Alan Waddams told the Azerbaijani ANS TV channel that EU representatives, currently on a visit to Turkmenistan, said Ashgabat had agreed to export gas to Europe via Nabucco, but if the Turkmen side changed its mind, then Iran could step in as an alternative.
The $7-8 billion Nabucco pipeline, backed by the EU and the U.S., is expected to link energy-rich Central Asia to Europe through Turkey, Bulgaria, Romania, Hungary and Austria.
The European diplomat said Turkmen President Gurbanguly Berdymukhammedov announced at the meeting his agreement for gas exports.
Some experts say that without the support of Turkmenistan, a major natural gas producer in Central Asia, the Nabucco project is unrealistic.

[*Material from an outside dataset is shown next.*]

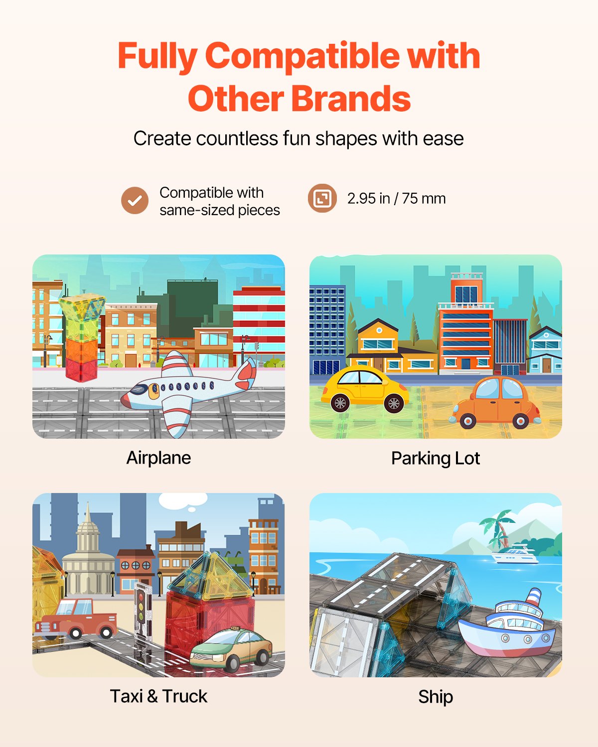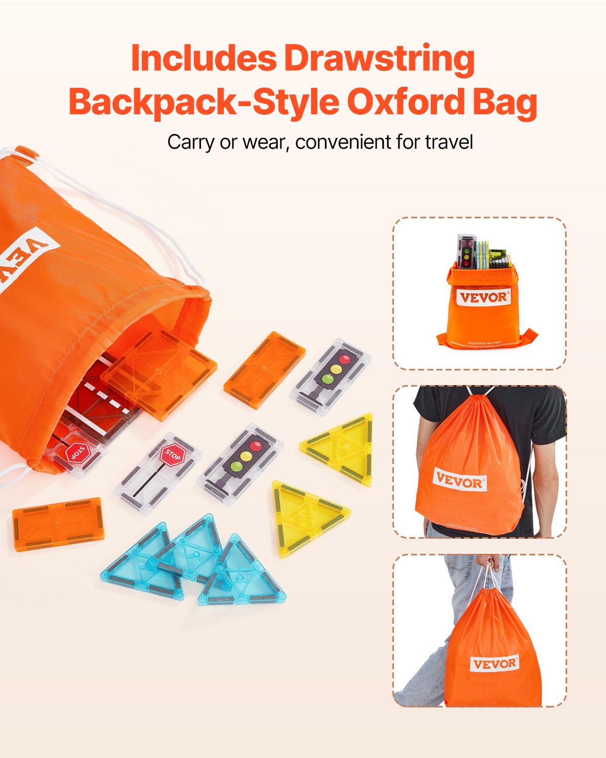 VEVOR Magnetski građevinski blokovi, set od 56 dijelova, magnetski cestovni blokovi, magnetska igračka s torbom za pohranu, STEM senzorna edukativna igračka za slaganje u gradskom području, za djecu od 3 godine i stariju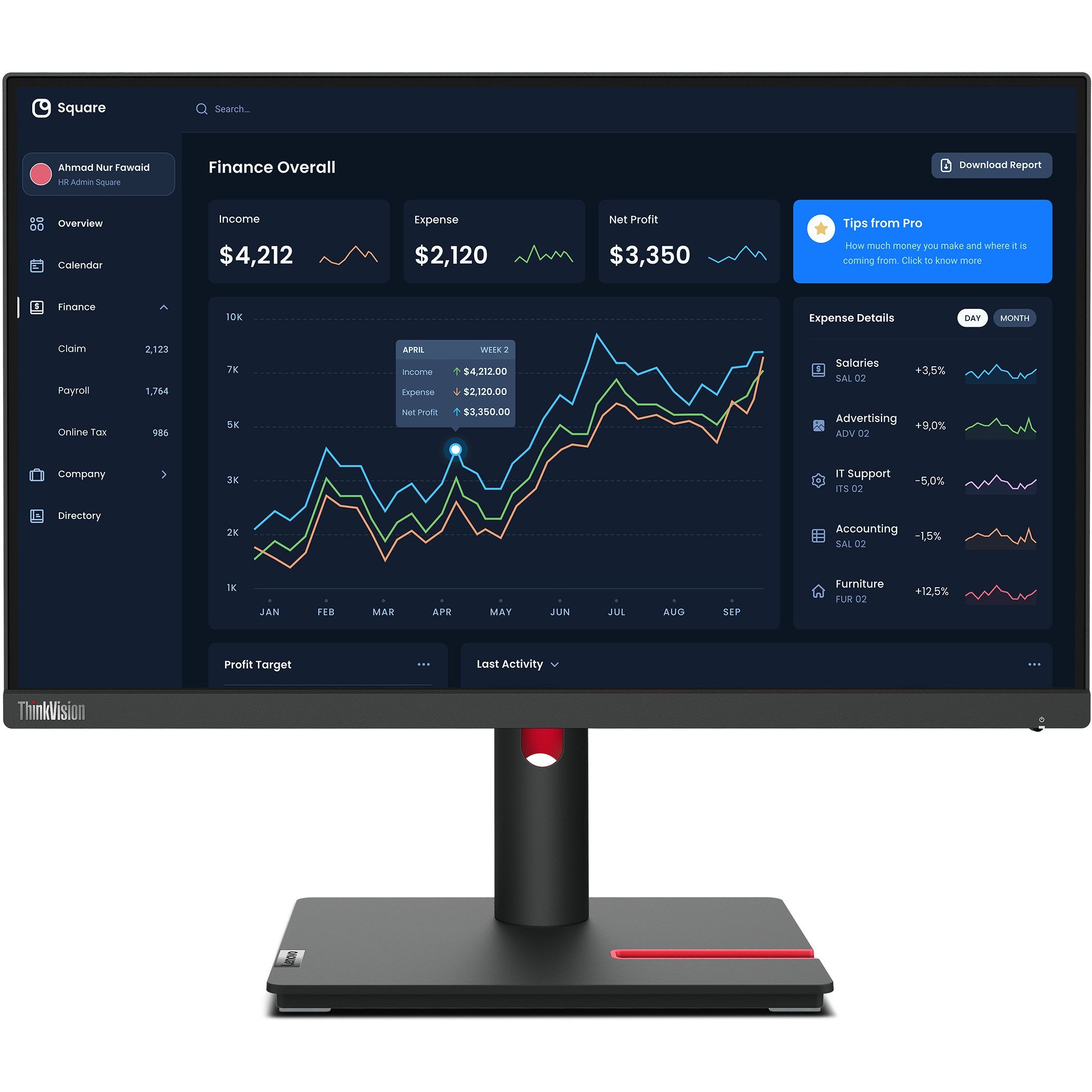 Lenovo ThinkVision Monitor - T22i-30 - (21.5-inch, FHD IPS, 60Hz, 4ms, Pivot, HDMI/DP/USB, Black)

Construction on the pipeline with a projected annual capacity of between 20 and 30 billion cubic meters has been tentatively scheduled to begin in 2010.
Azerbaijan, Iran, Turkmenistan and, more recently, Iraq have been seen as possible suppliers for the project. Iraq is being backed by the United States.
Russia is skeptical about the successful implementation of the Nabucco pipeline in the near future citing insufficient gas supplies.
In what was widely seen as a major blow to the Nabucco project, Russia, Turkmenistan and Kazakhstan signed a deal in December to supply the Asian states' Caspian gas via Russia. Moscow also reached deals with Bulgaria and Serbia earlier this year on the South Stream pipeline to pump Central Asian gas to Europe.